Articles of the series#
Overview#
To put things into context let’s do a short recap of what I already described in detail in the previous articles of this series: The ct system maintains all connections which it is tracking in a central table and each tracked connection is being represented by an instance of struct nf_conn
.
For each IPv4/IPv6 packet which is traversing the ct hook functions in the Netfilter hooks (the ones with priority -200; see Figure 1), the ct system determines to which tracked connection that packet belongs to and initializes a pointer within the skb
data structure of the packet to point to the according instance of struct nf_conn
.
Thereby it marks/categorizes the packet, so other components like Iptables/Nftables can make decisions based on that. These concepts are often referred to as stateful packet filtering or stateful packet inspection. So far so good.
Figure 1: Conntrack+Defrag hook functions and Iptables chains registered with IPv4 Netfilter hooks (click to enlarge)1)

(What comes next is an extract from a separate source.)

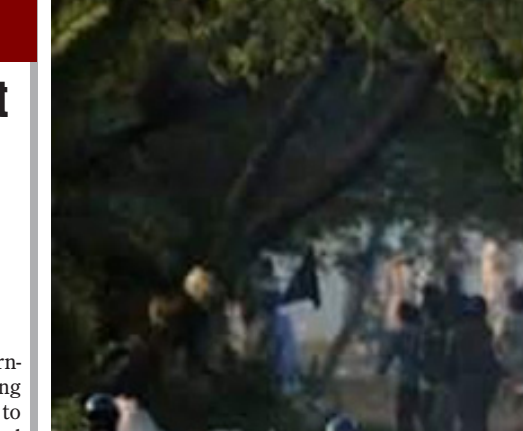
ISLAMABAD: Tear gas, smoke emerge as police push protesting government employees from entering into Red zone area of capital. – DNA

The contract was signed between Universal Service Fund (USF) and Telenor for high-speed mobile broadband projects in Upper Dir, Chitral and Lower Dir districts. The ceremony was witnessed by Federal Minister for IT and Telecom Syed Amin Ul Haque and SAPM Syed Zulfiqar Abbas Bukhari. The IT minister further said that the broadband project in Upper Dir, Chitral and Lower Dir districts would be completed at a cost of Rs1.3 billion, adding that the government also taking measures to resolve internet issues in North Waziristan. "IT ministry taking necessary measures to ensure availability of broadband services at all tourist spots across the country," he added. - APP

As packets keep flowing, the ct system continuously analyzes each connection to determine its current state. It does that by analyzing OSI layers 3 and 4 (and in certain cases also higher layers) of each packet. This connection state maintained by the ct system is of course not the same as the actual state of a network protocol (like e.g. TCP) in the communication endpoints, as the ct system merely is an observer in the middle and has no access to endpoints or their internal states. However, this state probably is the most essential information produced by the ct system, because it provides the basis for components like Iptables/Nftables to make meaningful “stateful packet filtering” decisions. I guess most people reading this are familiar with the usual syntax of Iptables/Nftables for matching against the state of tracked connections:
#Nftables example
ct state established,related
#Iptables example
-m conntrack --ctstate ESTABLISHED,RELATED
In this article I like to dive a little deeper into this topic, connecting the dots between the implementation – the variables holding the state information within the ct system – , how this implementation behaves, and how things look like from the point of view of Iptables/Nftables and from the command line tool conntrack
. Figure 2 gives an overview of the implementation variables involved here. There actually are two variables holding state information, each with slightly different semantics. I’ll explain them in detail.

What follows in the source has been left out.